Empire magazine and Total Film both rated it 3/5, with Empire Magazine stating it was "a solid revenge thriller in which Cole excels"
The Guardian gave it one star, stating "the plot and characters are lame and implausible, the dialogue is banal and the acting mediocre". Time Out claimed the film "feels less Scum and more like the back-story of one of Guy Ritchie’s knuckle-headed footsoldiers."

The film received a 4/5 rating from Heat magazine stating "this bloody borstal drama makes quiet political points alongside a powerful revenge storyline" and a 4/5 rating from Sky Movies calling it an "admirably crafted a compelling drama" and likening it to French prison film A Prophet and Alan Clarke's 1979 film Scum.
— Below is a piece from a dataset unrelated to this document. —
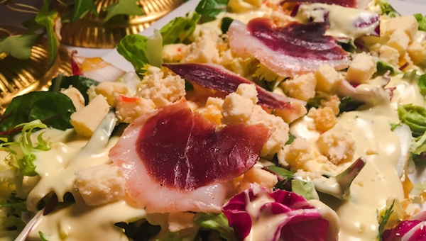Base de vegetales variados bañados en salsa de yogurt de mango, dados de queso de papaya y mango, nueces y lonchas de jamón de pato. Esta ensalda se come con tres de los cinco sentidos: Vista, olfato y gusto.

CineVue presented a 3/5 review for the film, stating that "Scalpello's Offender is far from original" However it presented "enjoyable performances and an entertaining revenge plot."

In general the reviews rate the film for its depiction of characters involved in and affected by the riots. The Londonist states "It’s a surprisingly comprehensive look at the lives of young criminals, in particular their sense of isolation and disenchantment with a corrupt system."

The film gained more positive reviews from urban and music press. Music sites Bring The Noise and MTV have rated the film 8/10 and 7/10 respectively.